Fish tail (caudal fin) is an important organ to propel its body through water and to move swiftly. Spurný (1998) observed that fish without caudal fin required 40% more energy for movement and its movement was not fluent. It is also the indication of fish health. In the present study, no significant variation of tail length was observed between ST and CT fish throughout the experimental months. This finding together with survival results indicate that the experimental fish were not stressed too much under salinity treatment to compromise with these traits.

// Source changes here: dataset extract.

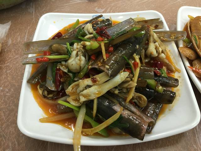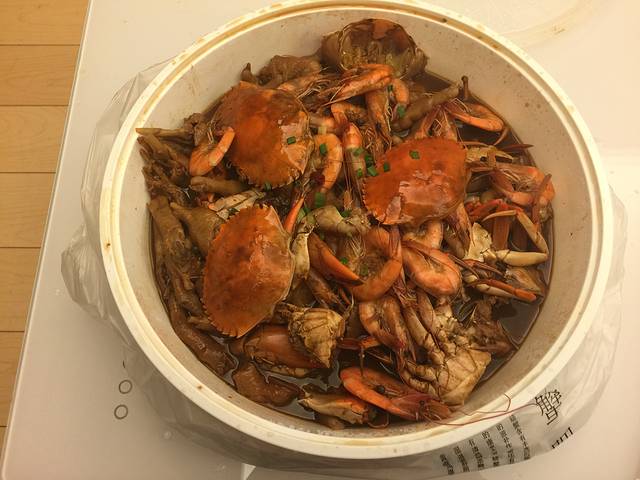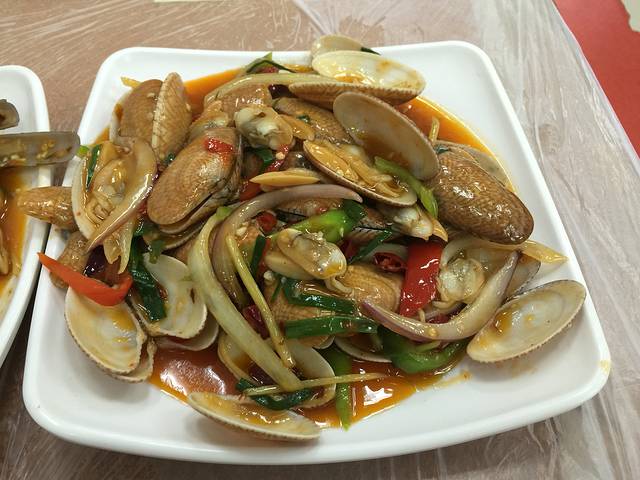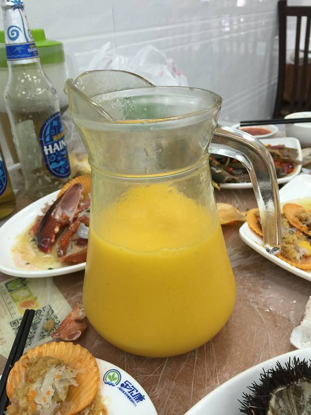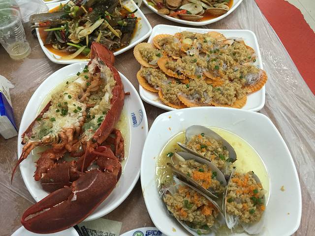 市场里买了新鲜的海鲜和水果,在小扇贝家加工,好吃哦……
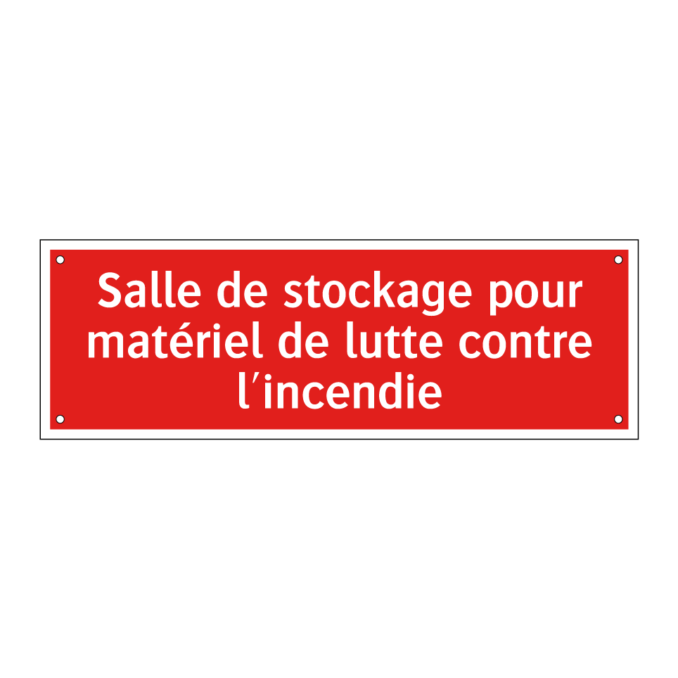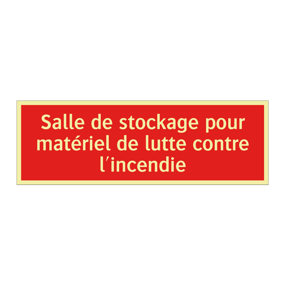 Panneau de signalisation incendie avec le texte Salle de stockage pour matériel de lutte contre l'incendie

Fish body color is an imperative phenotypic trait and considered as a tool for predator escaping (camouflage, bartesian mimicry and palatability signal), prey capture (camouflage, aggressive mimicry) and conspecific communication (mating and agonistic signaling, shoaling preferences) (Cheney et al., 2008; Mills and Patterson, 2009). Body coloration is also influential in contribution to market price and consumer choice (Yilmaz and Ergün, 2011; Mustapha et al., 2012). Although color variations between the treatments in the present study were insignificant, three different color of experimental Nile tilapias were observed. Some studies showed that fishes could change their body color for environmental (e.g. salinity, temperature, habitat, etc.) changes (Fanta, 1997; Fanta et al., 1995; Briand et al., 2005; Rahman et al., 2019, 2020, 2021). In a study, Fanta (1997) reported that body color of Bathygobius soporator valenciennes was more variable when they were exposed to extreme salinity Another study by Fanta et al. (1995) found that Gobionotothen gibberifrons became darker at high salinity and lighter at low salinity. Rahman et al. (2021) found significant effects of periodic salinity variation on color pattern in stripped dwarf catfish. In another study, Rahman et al. (2020) showed that male guppy (Poecilia reticulata) can modulate their color patterns under different rearing temperatures. Rahman et al. (2021) also found an experimental evidence that different light and shelters (PVC pipe) can influence the body color expression in stinging catfish (Heteropneustes fossilis). Thus, studied suggest that at stressed condition, generally light color fish becomes darker and dark color fish becomes lighter (Fanta-Feofiloff et al., 1983; Fanta et al., 1989a, b; Pickering, 1981). Briand et al. (2005) studied on glass eel (Anguilla anguilla) and observed less advanced pigment at higher salinity (0 ppt to 29.2 ppt). Similar finding was also obtained by Briand et al. (2005). As mentioned above, perhaps experimental Nile tilapia reared in different salinities were not stressed too much in this experiment which could have such type of effect on their color patterns.

CONCLUSION

Salinity is one of the most influential aquatic factors that can affect directly or indirectly some phenotypic traits and physiological activities of different fish species. The findings of the present study showed that periodic changes of salinity significantly affect some growth parameters (e.g. SL and body area) of the commercially important Nile tilapia. However, they could compensate this growth when they reared again to the control condition. This is an important information to the farmers and other stakeholders who can reduce their severe losses when they face any salinity change issues in their tilapia farms. Although periodic salinity changes did not show any significant effects on survival and color patterns, some other important traits related to reproduction and offspring fitness should be studied in the future.

ACKNOWLEDGEMENTS

This work was supported by the Deanship of Scientific Research, Vice Presidency for Graduate Studies and Scientific Research, King Faisal University, Saudi Arabia [Project No. GRANT372]. Thanks extent to Md. Habibur Rahman for the laboratory assistance.

Statement of conflict of interest

The authors have declared no conflict of interest.